As we are happy users of Meson, my goal is to “Mesonify all the things!”. With this release, we have now finally reached the point where virtually all of our required dependencies are built using Meson. The only exception is V8, but we will hopefully also build that with Meson someday. (Spoiler from the future: Frida 16 will get us there!)
EOF
There’s also a bunch of other exciting changes, so definitely check out the changelog below.
Enjoy!
Changelog
- Add support for FreeBSD.
- Add support for ARMv4, for instrumenting old embedded systems.
- Add build options for binary footprint reductions (see config.mk).
- Tweak Capstone and GLib to enable much smaller binary footprints.
- droidy: Add AXML decoder.
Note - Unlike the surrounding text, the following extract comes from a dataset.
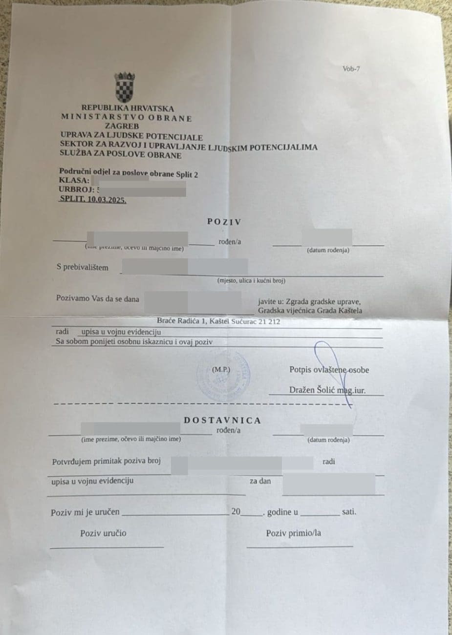 Pojedinačni pozivi za upis u vojnu evidenciju dolazit će tijekom ožujka i travnja 2025. godine na adrese vojnih obveznika rođenih 2007. godine, a pozive će uputiti područni odjeli za poslove obrane na čijem području osobe imaju prebivalište. Pozvane osobe obvezne su se odazvati u zakazanom terminu te prilikom dolaska predočiti osobnu iskaznicu ili domovnicu i OIB.
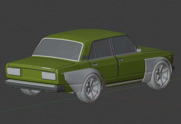 У меня есть кузов масштабной модели 2105, придумываю на него обвес. Для начала нашёл 3д модель семёрки, на ней тренируюсь. Первые наброски вот такие :

Thanks @meme!
- windows: Fix dbghelp backtracer support for libffi-frames.
- linux: Fix compatibility with new glibc versions.
- linux: Only use one frida-helper when assets are installed.
- qnx: Remove tempfiles when injector is closed.
- core: Plug leak when agent teardown is cancelled.
- gumjs: Fix handling of RPC invocations returning null.
- interceptor: Use a “jumbo”-JMP on x86 when needed, when impossible to allocate
memory reachable from a “JMP
". - interceptor: Generate variable size x86 NOP padding.
- stalker: Improve performance of the arm64 backend, by applying ideas recently used to optimize the x86/64 backend – e.g. improved locality, better inline caches, etc.
- stalker: Fix handling of zero-sized freeze/thaw().
- stalker: Rework x86 PLT exclusion code to avoid reentrancy-issues during stalking.
- stalker: Don’t require a C++ runtime to be present.
- arm-writer: Add put_bl_reg(), put_call_reg().
- arm-writer: Fix register clobbering in put_call_address*().
- arm64-reader: Expose disassemble_instruction_at().
- arm64-writer: Fix handling of mixed-width literals.
- arm64-writer: Fix TBZ/TBNZ encoding.
- arm64-writer: Fix put_and_reg_reg_imm() on 32-bit systems.
- arm64-writer: Add put_{ldr,str}_reg_reg_offset_mode().
- elf-module: Expose more details, add support for offline mode, add Vala bindings.
- exceptor: Add reset() for exception handler recovery.
- gum: Add lots of GObject Introspection annotations and API docs.
- gum: Add support for using as a Meson subproject.
- gum: Port Meson build system to Windows.
- gum: Eliminate the GIO dependency.
- gum: Add diet mode, allowing a “Hello World” C program that uses Interceptor to be as small as 55K on 32-bit ARM w/ Thumb instructions.
- gum: Add CI. Thanks @meme!
- Improve build system with many portability improvements.
- Build elfutils, libiconv, libdwarf, libunwind, openssl, xz with Meson.
- Upgrade dependencies: capstone, elfutils, libdwarf, libunwind.
- Release packages for Fedora 35 instead of 34.
- python: Use PEP 503 instead of PyPI xmlrpc. Thanks @GalaxySnail!
- python: Fix support for Python >= 3.10 on Windows.